Лизавета Ивановна, поди, мать, покорми ребенка‐то грудью; а то соски никак не берет: совала, совала ему, окоченел ажно, плакамши. (Ананий Яковлев вздрагивает, Лизавета не трогается с места.)

Ананий Яковлев. Что ж ты сидишь тут? Ну! Еще привередничает, шкура ободранная. Сказано тебе мое решение, – пошла!..

(Лизавета молча уходит.)

Вот еще характернейший по лиризму разговор между Ананием Яковлевым и бурмистром:

...

Ананий Яковлев. Ты не лайся, пока те глотку‐то не заткнули…

Бурмистр. Я те еще не так полаю, я те с березовой лапшой полаю.

Ананий Яковлев. Шалишь!

Бурмистр. Шалят‐то телята да малые ребята, а я не шалю.

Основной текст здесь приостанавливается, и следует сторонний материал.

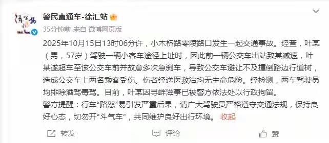 上海这起交通事故看得人火大!2025年10月15日13时06分,在小木桥路零陵路口,57岁的叶某就因为公交车出站让他减速,居然超车到公交车前多次急刹。这一闹,公交车避让不及直接撞上路边行道树,两名乘客受伤。还好伤者送医后没啥生命危险,不然叶某这罪过可就更大了。 检测显示两车司机都没酒驾毒驾,纯粹是叶某“路怒”搞事情。现在他因寻衅滋事被行政拘留,真是大快人心。开车可不能这么冲动,“斗气车”开不得,不然害人害己,大家都得引以为戒! 交通 交通事故

Ананий Яковлев. Шалишь и ты!

Полной противоположностью этой сгущенности речи является речь Никона, особенно когда он говорит в последнем действии, по‐видимому совершенно пьяный.

...

Никон. Пригульный, ваше высокоблагородие, мальчик был: не сказывают только по тому самому, что народ ехидный… Мы-ста, да мы-ста; а что вы-ста? мы сами тоже с усами… У меня, ваше высокородие, своя дочка есть… «Как, говорю, бестия, ты можешь?.. цыц, стой на своем месте…» по тому самому, ваше высокородие, что я корень такой знаю… как сейчас, теперь обвел кругом человека, так и не видать его… хоть восемь тысяч целковых он бери тут, не видать его.

В этой рассолоделой, размяклой речи удивительно соединились бахвальство с политичностью, угодливость с задором. Писемский изобразил в «Горькой судьбине» людей, говорящих одним из великорусских поднаречий, но с замечательным художественным тактом он заглушил в этой речи все ее, с одной стороны, слишком грубые слова и выражения, а с другой, – чисто местные. К Писемскому не надо давать филологического комментария, как к романам Печерского, и на «Горькой судьбине» не надо писать «для взрослых», как написано на «Власти тьмы».